Many statistical tests that are commonly used rely on the assumption that data are normally distributed. This chapter discusses why normality commonly occurs in statistics but also how, in many practical situations in HCI, it is not safe to assume normality. It also shows how tests for normality are not meaningful or useful. Instead, where normality is in doubt, analysis should be more careful and use suitable alternative tests.

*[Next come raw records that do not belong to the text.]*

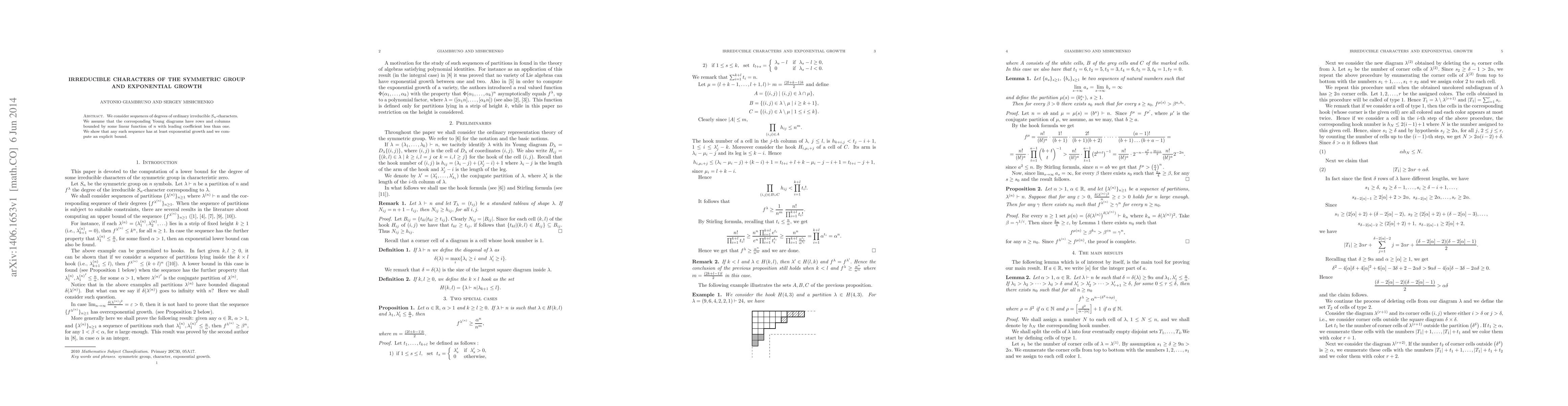 This research paper shows that sequences of degrees of ordinary irreducible S_n-characters with certain constraints exhibit exponential growth, with an explicit bound provided for the upper limit of such growth.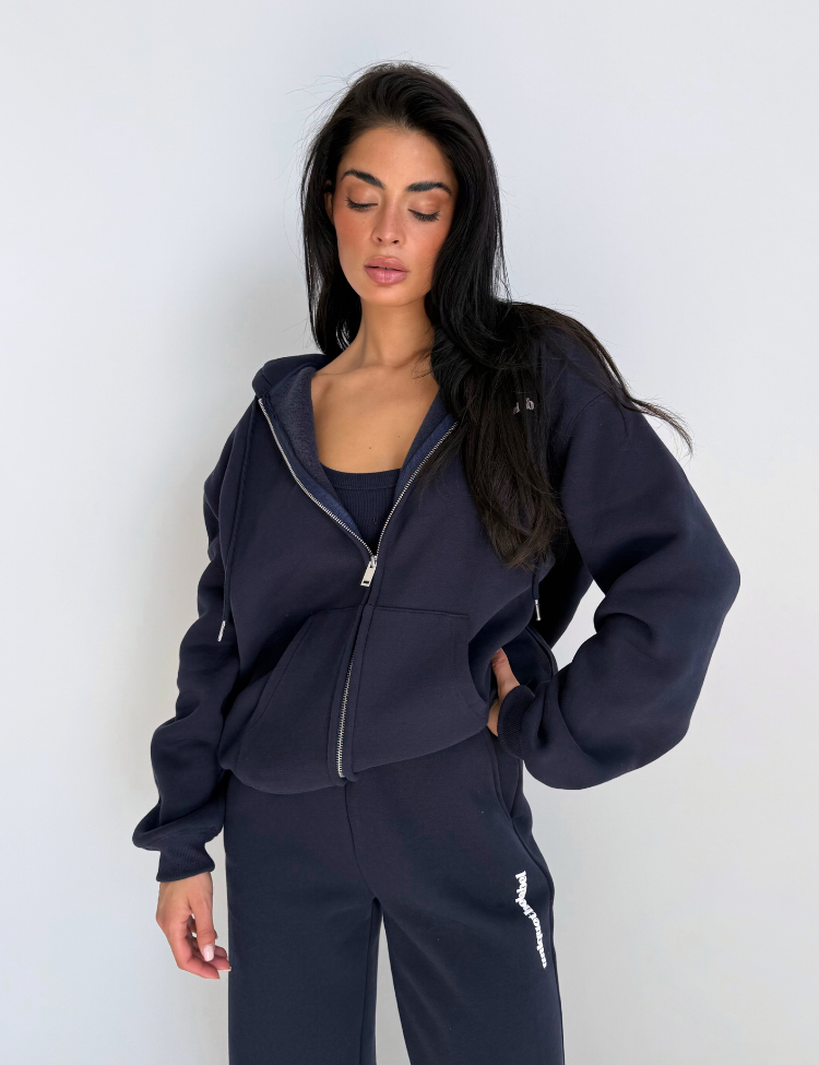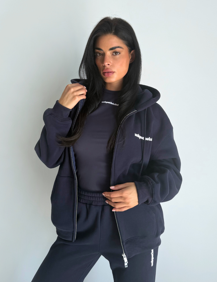 Combineer dit vest met de bijpassende donkerblauwe broek voor een complete loungewear look. Het top eronder creëert extra laagjes en dimensie. De oversized pasvorm van Unique The Label staat prachtig bij elke lichaamstype.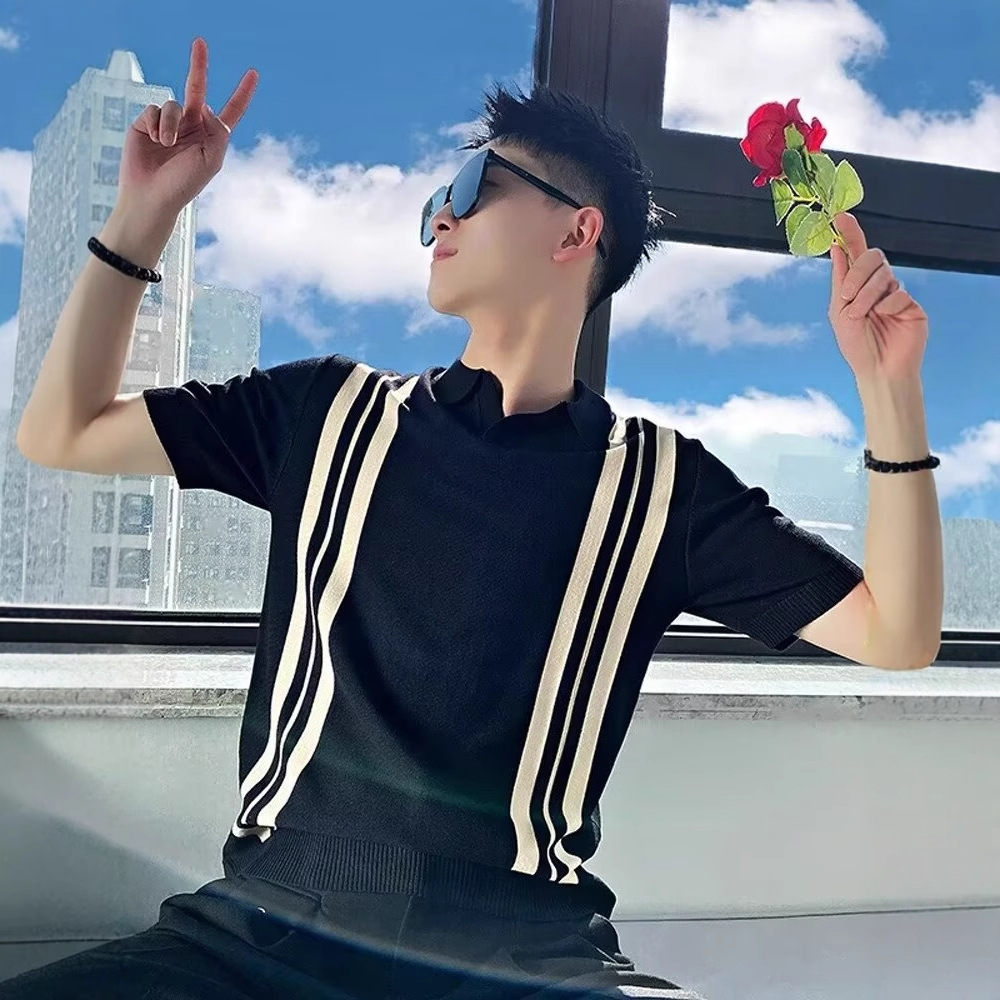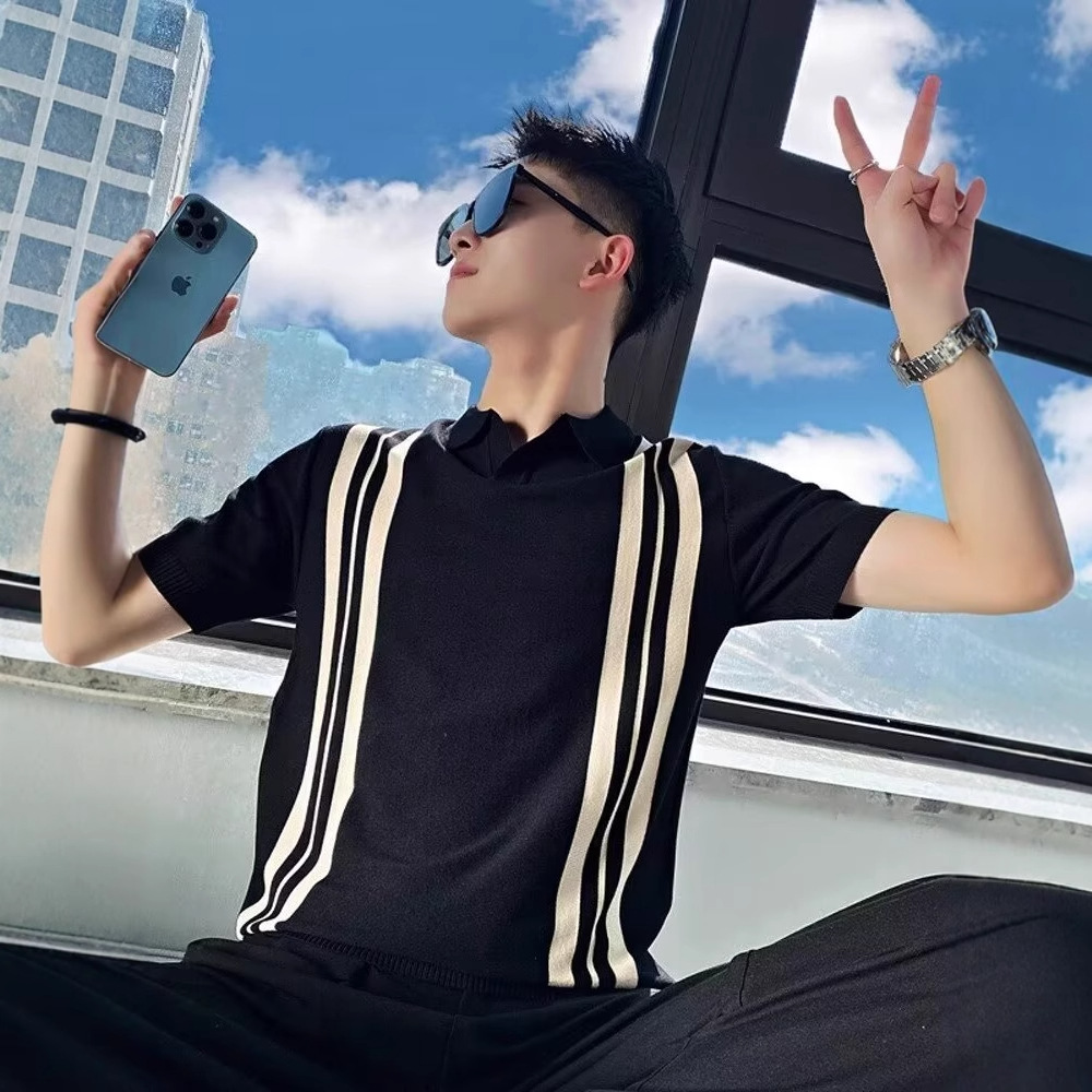 2025跨境夏季Polo衫男士装休闲翻领修身半袖条纹撞色薄款百搭短袖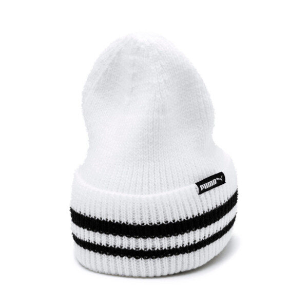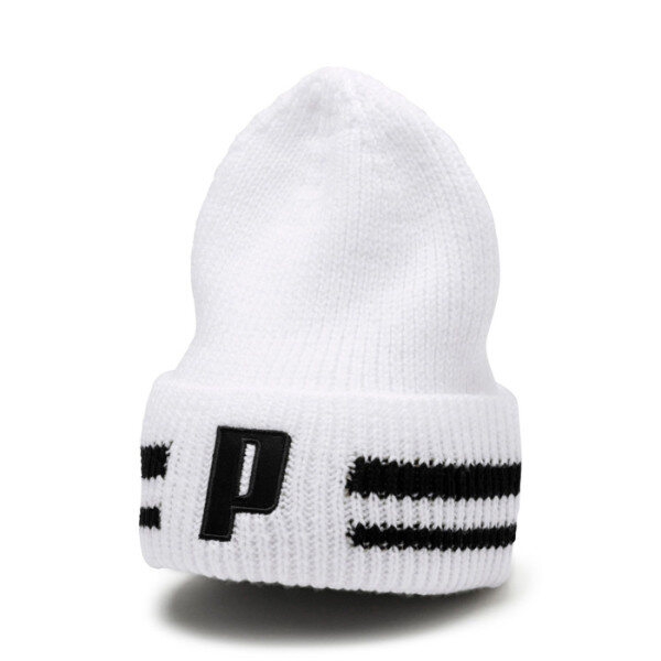 오버 사이즈 핏의 플레인 니트 비니.푸마 캣 로고가 메탈 소재로 전면에 부착되어 있음.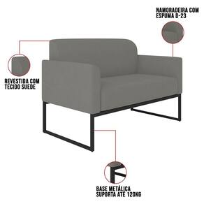 O momento em que decidimos mobiliar nossa casa é um evento muito especial, pois representa o que gostamos e o que irá refletir através dos móveis que irão compor cada espaço do nosso Lar.Cada escolha é uma oportunidade de imprimir o que sentimos, e para Sala de Estar desejamos conforto e beleza, para a hora de um bate-papo ou um belo café da tarde. O Kit Namoradeira e 2 Poltronas Decorativas Base Industrial Preta Maressa S08 Suede Grafite - Ibiza pode transformar seu ambiente em algo único, sua estrutura em metal é firme e com fino acabamento, o estofado é macio e traz a leveza que o Estilo Industrial pode fazer em sua essência.Faça uma escolha inteligente e adquira conosco este Conjunto de Poltrona Namoradeira e Poltrona Decorativa, um toque de classe para o seu cantinho favorito.EspecificaçõesDimensões do Produto:Poltrona (L x A x P): 65 x 77 x 64 cm.Namoradeiras (L x A x P): 113 x 76 x 64 cm.Profundidade do assento: 46 cm.Largura do assento: 95 cm.Altura do assento ao chão: 44 cm.Altura do encosto: 35 cm.Altura Interna do Braço: 18 cm.Altura dos pés: 30 cm.Peso: 46 kg.Características do ProdutoMaterial da Estrutura: Madeira reflorestada de Eucalipto..Material da Espuma: Espuma D-28 no assento e encosto e D-23 nos braços..Peso Suportado: Até 480 Kg.Revestimento: Suede.Tipo de Encosto: Fixo.Tipo de Assento: Fixo.Quantidade de Lugares: 4 Lugares.Possui Pés: Sim.Material dos Pés: Base Industrial.Diferenciais:- Design moderno.- Percintas elásticas no assento.Sistema de Montagem: O produto é enviado montado, sendo necessário apenas fixar a base.Volumes: 4 Volumes.Conteúdo da Embalagem: 1 Namoradeira e 2 Poltronas Decorativas.Garantia do Fabricante: 90 dias contra defeito de fabricação.Montagem: Recomendamos que seja feita por um profissional.Recomendação de Limpeza: Utilize pano levemente úmido.Observações importantes:- Produto para uso residencial em ambiente interno, não devendo ficar exposto diretamente ao sol, calor e umidades excessivas.- Pode haver alguma diferença de tonalidade entre a imagem e o produto real, por conta do tratamento de imagens e a calibração de cores do seu monitor.- As imagens são meramente ilustrativas, não acompanham objetos de decoração e eletrônicos.- Confira o estado da embalagem, não devendo assinar o comprovante em caso de danos.- Não asseguramos, no ato da entrega, por subir escadas/elevadores, pelo transporte por guincho em apartamentos ou montagem, desmontagem e instalações. Eventuais despesas são por conta do comprador.- Confira as dimensões do produto e certifique-se de que passará normalmente por supostos elevadores, portas, escadas e/ou corredores de sua residência.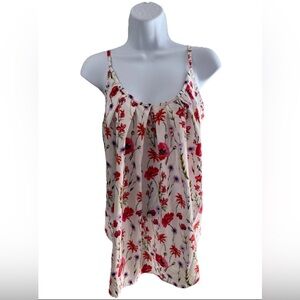 This sleeveless tank top showcases a smocked and pleated design, highlighted by a striking red floral pattern against a crisp white background. The airy fabric and flowing fit make it a perfect choice for warm days.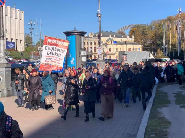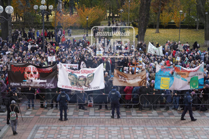 Противники вакцинації колоною пройшли центром Києва, зупинилися біля будівлі столичної мерії, далі рушили до Майдану Незалежності та вулицею Грушевського піднялися до будівлі парламенту.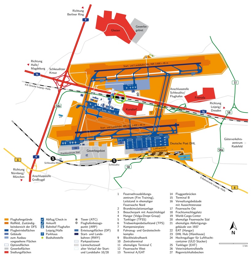 Расположение вокзала при аэропорте Халле/Лейпциг (выделено кружочком)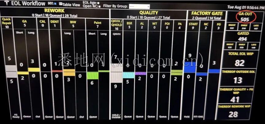 到2022年柏林工厂迎来投产,却也是产能提升最艰难的阶段,比如下面这份流出的内部文件就显示,柏林工厂去年8月单日出厂车辆仅有505辆,比计划的870辆少了365辆,而且类似情况还不少。

Effects and the size of effects are proposed as a key way to overcome the limitations of significance testing in modern statistics. However, traditionally, effects are usually added on to the statistical testing procedure. This chapter proposes instead thinking first about what effects to look for in the context of the research and its maturity within the discipline of HCI. The main types of effect, changes in location, stochastic dominance and (co)variation, are described. Consideration of which of these effects that current best knowledge can predict leads to choosing the test most suitable to find those effects.
Cronbach's alpha is often used as a key measure of reliability in questionnaires developed in HCI. However, the state-of-the-art literature on Cronbach's alpha shows that it is itself not a reliable measure. This chapter demonstrates the problems and leads to a more nuanced interpretation of reliability, using both Cronbach's alpha and other more modern alternatives.